Description of the task — Write out again, word for word, the lines below from the line that holds "Volodymyr Selenskyj erscheint" through the line that holds "Kujawskiej za opiekę", omitting pictures.
++++++++++++++++++++
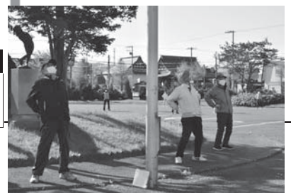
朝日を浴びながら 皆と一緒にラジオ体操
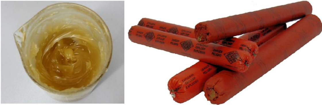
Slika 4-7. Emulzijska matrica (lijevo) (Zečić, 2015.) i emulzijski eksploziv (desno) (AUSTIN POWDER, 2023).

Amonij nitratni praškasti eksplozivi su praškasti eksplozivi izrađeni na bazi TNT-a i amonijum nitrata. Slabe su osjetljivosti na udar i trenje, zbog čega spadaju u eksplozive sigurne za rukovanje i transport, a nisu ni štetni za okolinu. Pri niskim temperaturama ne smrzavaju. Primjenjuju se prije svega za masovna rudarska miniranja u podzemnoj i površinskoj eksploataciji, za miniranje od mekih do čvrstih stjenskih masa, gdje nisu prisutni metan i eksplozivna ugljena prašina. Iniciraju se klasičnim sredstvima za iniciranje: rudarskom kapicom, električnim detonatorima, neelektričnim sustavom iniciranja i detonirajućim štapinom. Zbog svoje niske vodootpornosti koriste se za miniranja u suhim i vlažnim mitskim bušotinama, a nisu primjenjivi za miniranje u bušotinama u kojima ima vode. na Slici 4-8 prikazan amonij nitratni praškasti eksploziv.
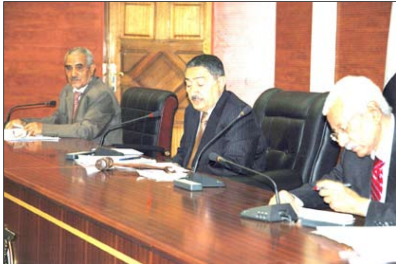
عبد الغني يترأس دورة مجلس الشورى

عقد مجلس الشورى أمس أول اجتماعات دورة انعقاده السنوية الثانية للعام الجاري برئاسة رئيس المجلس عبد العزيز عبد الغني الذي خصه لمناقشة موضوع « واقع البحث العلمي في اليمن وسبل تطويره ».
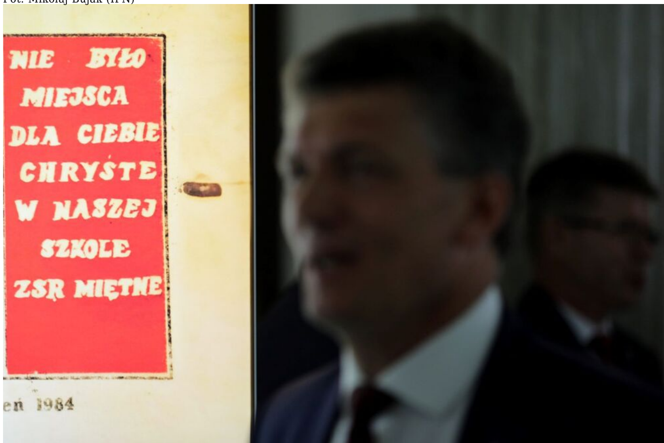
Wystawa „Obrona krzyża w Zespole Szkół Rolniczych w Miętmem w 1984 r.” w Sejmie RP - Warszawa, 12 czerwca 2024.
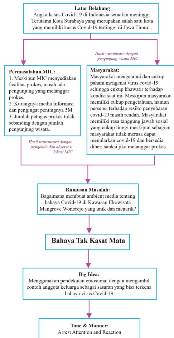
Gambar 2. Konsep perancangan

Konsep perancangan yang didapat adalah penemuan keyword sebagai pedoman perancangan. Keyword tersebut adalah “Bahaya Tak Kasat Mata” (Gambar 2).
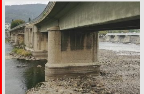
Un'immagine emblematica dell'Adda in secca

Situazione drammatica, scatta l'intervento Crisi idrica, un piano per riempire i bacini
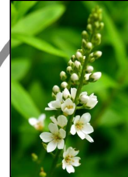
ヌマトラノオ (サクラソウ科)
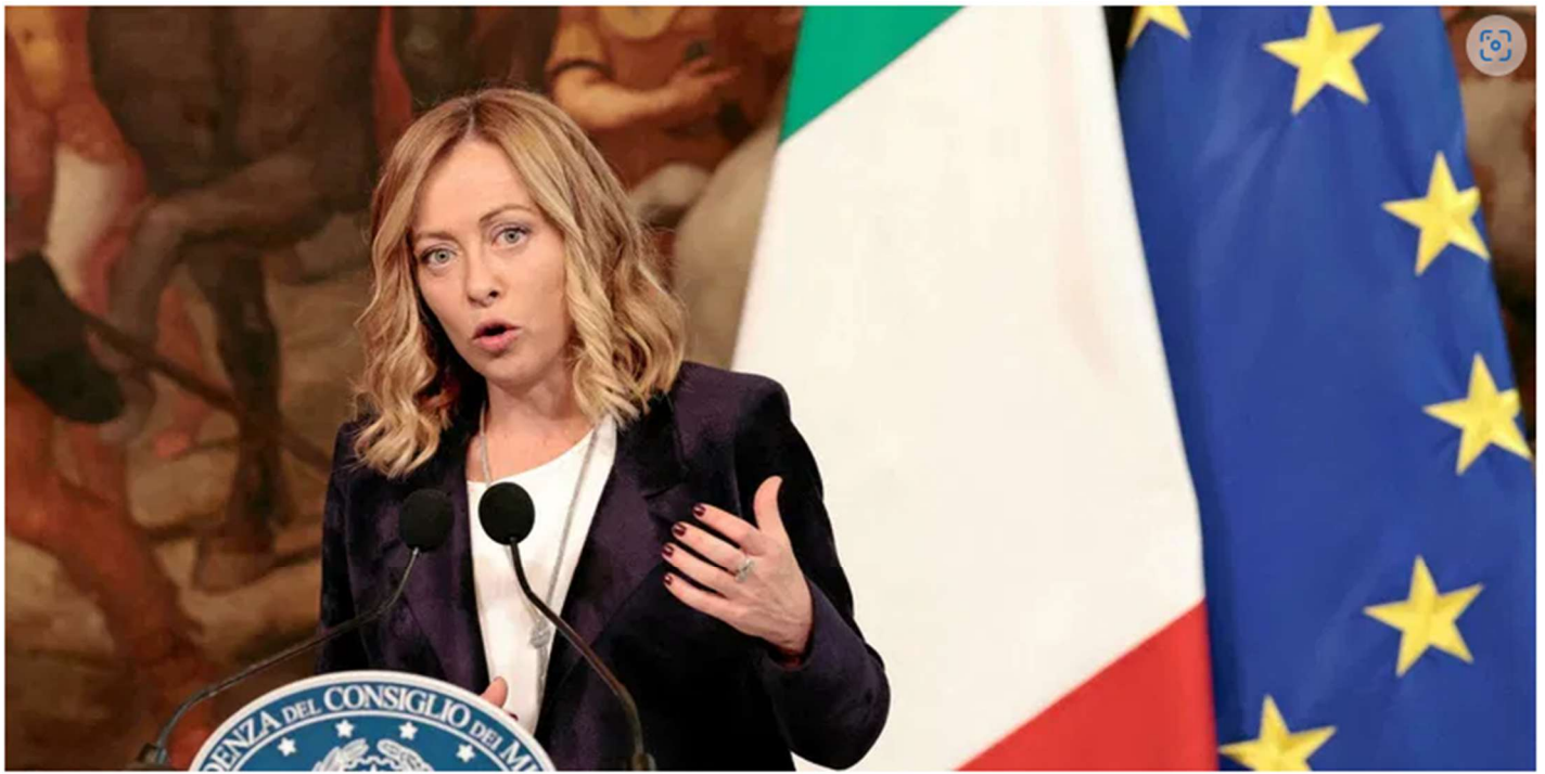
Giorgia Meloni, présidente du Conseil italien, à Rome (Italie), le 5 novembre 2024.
++++++++++++++++++++
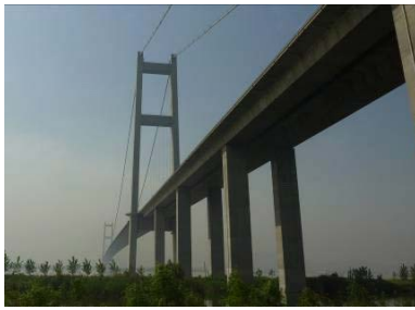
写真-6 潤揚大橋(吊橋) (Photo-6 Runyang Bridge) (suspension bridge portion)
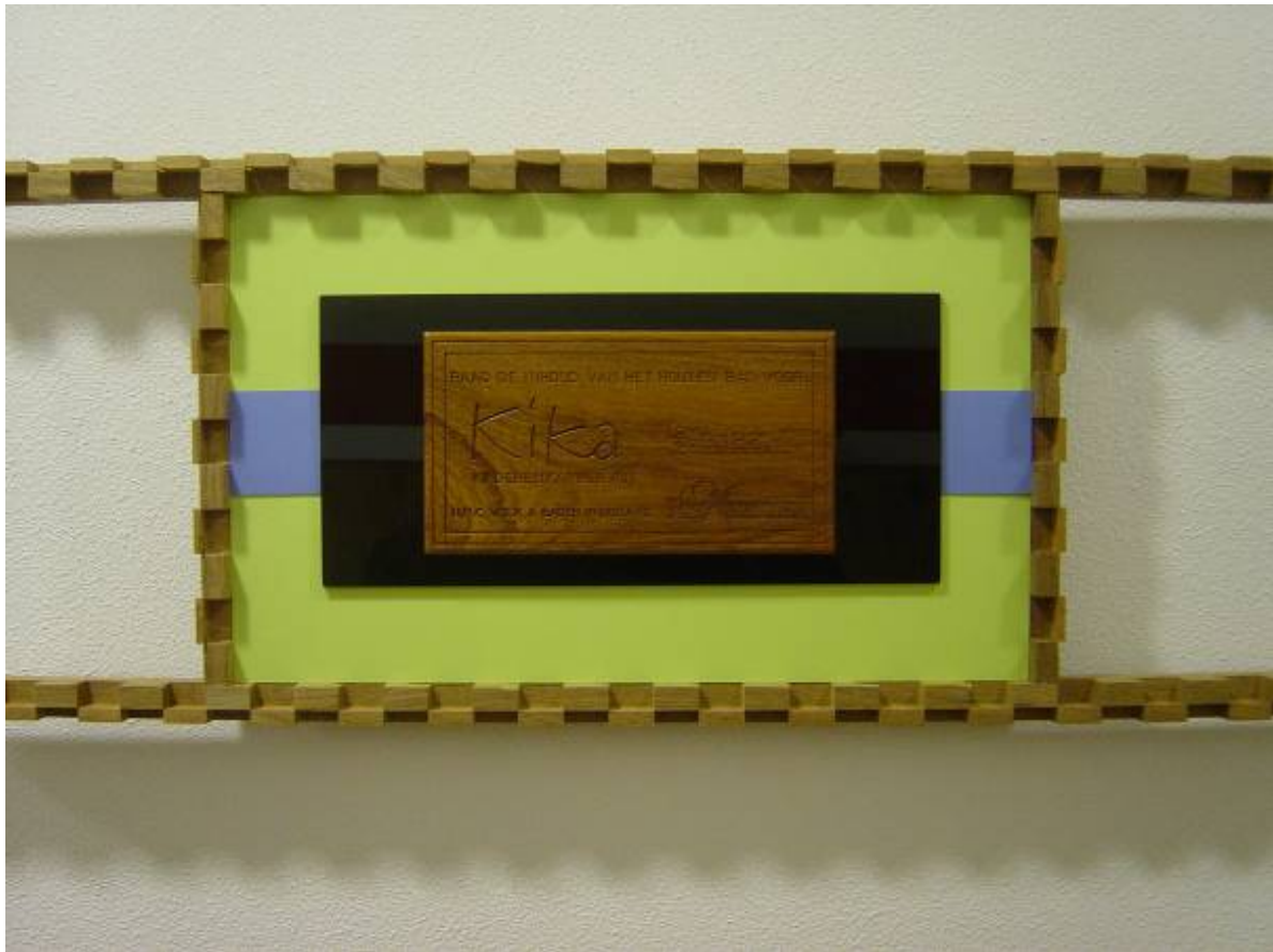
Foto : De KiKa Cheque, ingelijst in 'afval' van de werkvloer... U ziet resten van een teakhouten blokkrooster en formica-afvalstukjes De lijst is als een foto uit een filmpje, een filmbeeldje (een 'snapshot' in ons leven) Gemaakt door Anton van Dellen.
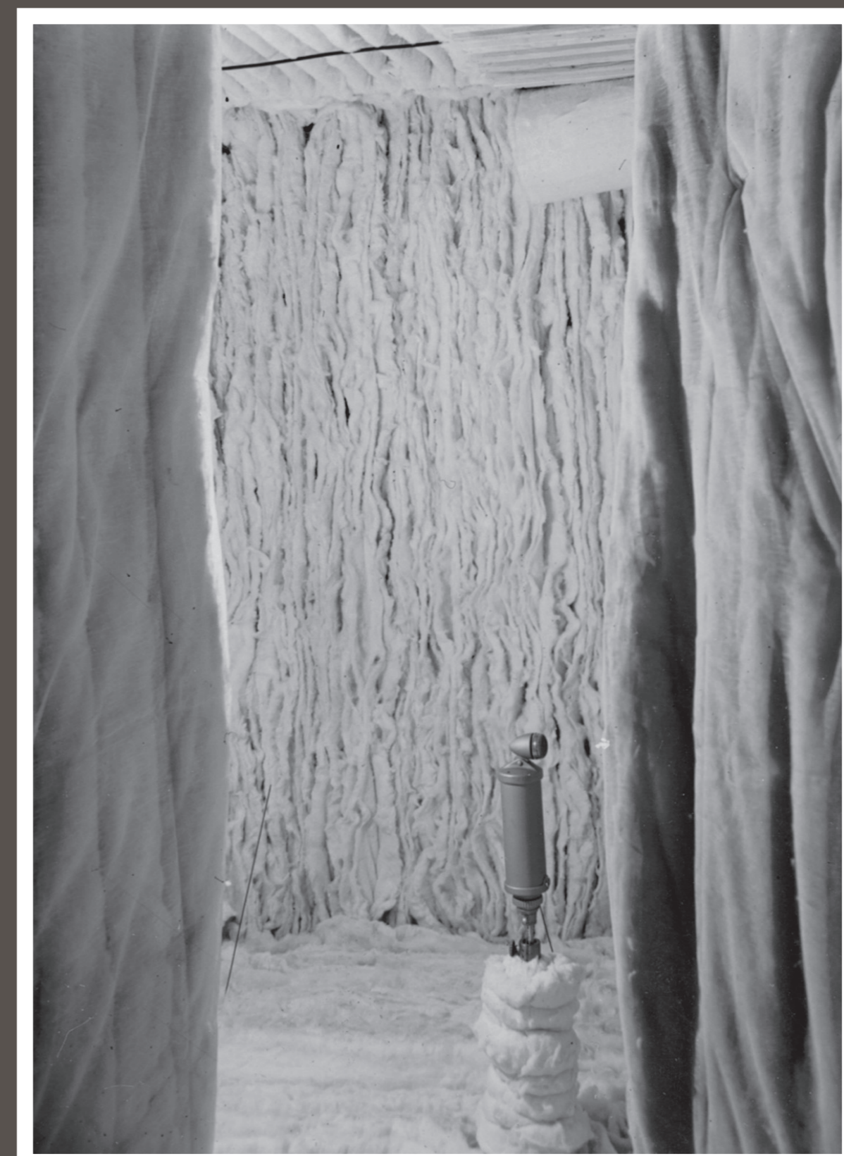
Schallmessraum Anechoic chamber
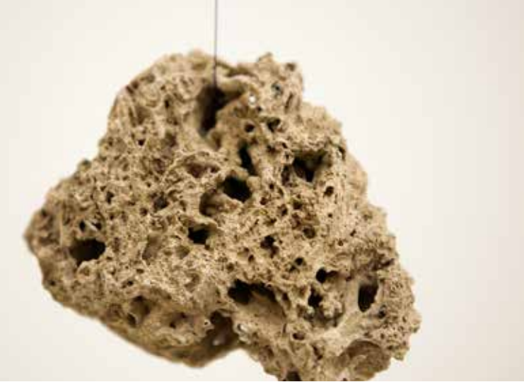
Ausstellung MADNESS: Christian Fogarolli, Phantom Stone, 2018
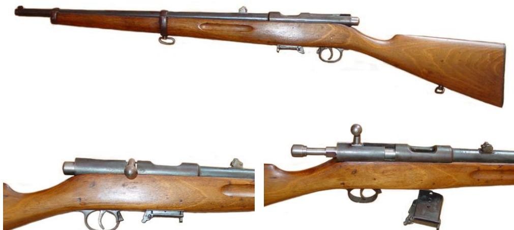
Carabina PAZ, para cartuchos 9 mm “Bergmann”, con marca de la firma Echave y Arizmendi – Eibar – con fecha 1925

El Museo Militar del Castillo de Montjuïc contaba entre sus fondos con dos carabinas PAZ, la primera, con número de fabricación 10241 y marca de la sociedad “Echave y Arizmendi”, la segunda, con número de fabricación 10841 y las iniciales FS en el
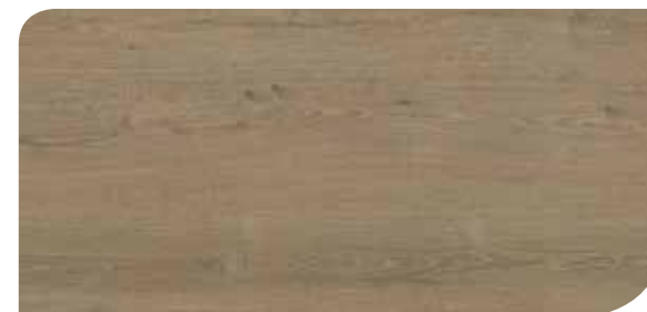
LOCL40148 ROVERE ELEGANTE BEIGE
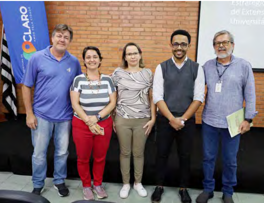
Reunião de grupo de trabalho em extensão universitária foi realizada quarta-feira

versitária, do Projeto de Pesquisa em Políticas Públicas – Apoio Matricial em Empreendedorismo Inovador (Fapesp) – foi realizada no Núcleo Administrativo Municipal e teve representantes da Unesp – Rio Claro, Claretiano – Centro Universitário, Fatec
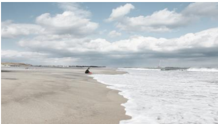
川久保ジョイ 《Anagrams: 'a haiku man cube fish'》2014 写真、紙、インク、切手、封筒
++++++++++++++++++++
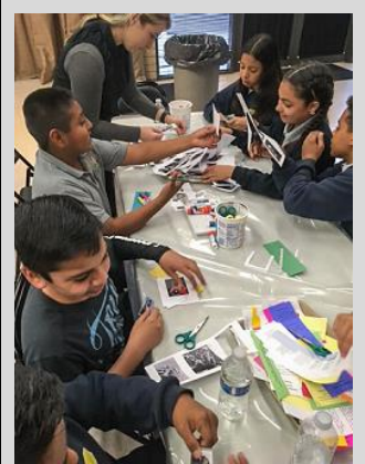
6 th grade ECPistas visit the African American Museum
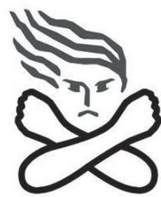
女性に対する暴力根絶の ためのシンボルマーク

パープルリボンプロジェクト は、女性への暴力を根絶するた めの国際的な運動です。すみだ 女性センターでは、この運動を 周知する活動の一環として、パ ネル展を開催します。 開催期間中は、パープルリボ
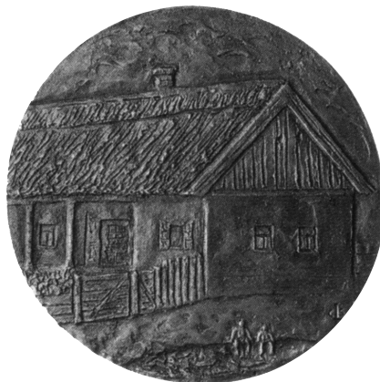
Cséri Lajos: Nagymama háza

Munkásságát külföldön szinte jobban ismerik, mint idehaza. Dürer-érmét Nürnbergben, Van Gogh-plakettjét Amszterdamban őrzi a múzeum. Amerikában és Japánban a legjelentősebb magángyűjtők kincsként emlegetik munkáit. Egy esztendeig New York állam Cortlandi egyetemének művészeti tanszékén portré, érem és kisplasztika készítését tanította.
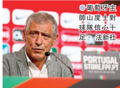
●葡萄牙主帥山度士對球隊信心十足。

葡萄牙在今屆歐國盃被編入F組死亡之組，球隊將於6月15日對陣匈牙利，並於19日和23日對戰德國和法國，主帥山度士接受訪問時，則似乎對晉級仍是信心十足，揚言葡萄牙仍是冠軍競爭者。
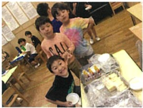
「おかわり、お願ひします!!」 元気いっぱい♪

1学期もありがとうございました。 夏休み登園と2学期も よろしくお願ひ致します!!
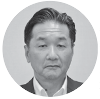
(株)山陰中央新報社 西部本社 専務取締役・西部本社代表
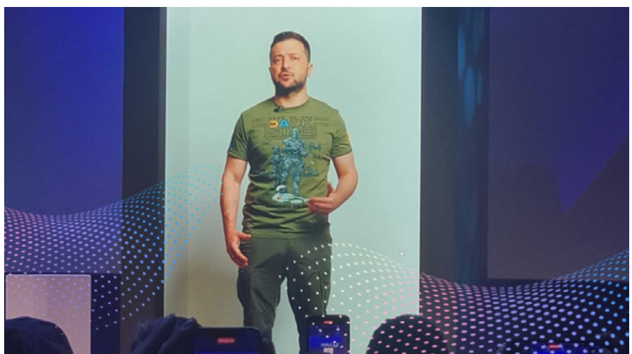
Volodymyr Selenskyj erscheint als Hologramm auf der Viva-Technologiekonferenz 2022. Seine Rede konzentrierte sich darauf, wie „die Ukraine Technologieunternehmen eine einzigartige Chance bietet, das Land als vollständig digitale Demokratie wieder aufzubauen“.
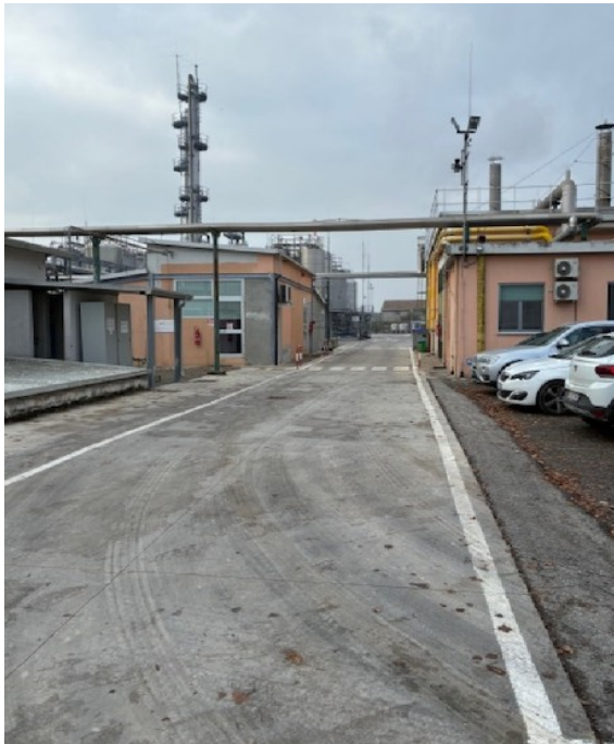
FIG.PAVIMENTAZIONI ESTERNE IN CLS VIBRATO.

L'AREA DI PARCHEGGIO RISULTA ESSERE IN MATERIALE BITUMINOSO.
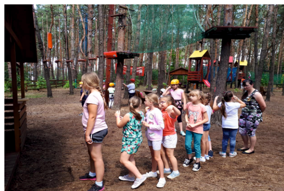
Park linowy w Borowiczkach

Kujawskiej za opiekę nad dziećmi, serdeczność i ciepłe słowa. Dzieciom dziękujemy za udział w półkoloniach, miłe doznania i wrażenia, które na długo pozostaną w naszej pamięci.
++++++++++++++++++++
Output for this exercise —
Volodymyr Selenskyj erscheint als Hologramm auf der Viva-Technologiekonferenz 2022. Seine Rede konzentrierte sich darauf, wie „die Ukraine Technologieunternehmen eine einzigartige Chance bietet, das Land als vollständig digitale Demokratie wieder aufzubauen“.
FIG.PAVIMENTAZIONI ESTERNE IN CLS VIBRATO.

L'AREA DI PARCHEGGIO RISULTA ESSERE IN MATERIALE BITUMINOSO.
Park linowy w Borowiczkach

Kujawskiej za opiekę nad dziećmi, serdeczność i ciepłe słowa. Dzieciom dziękujemy za udział w półkoloniach, miłe doznania i wrażenia, które na długo pozostaną w naszej pamięci.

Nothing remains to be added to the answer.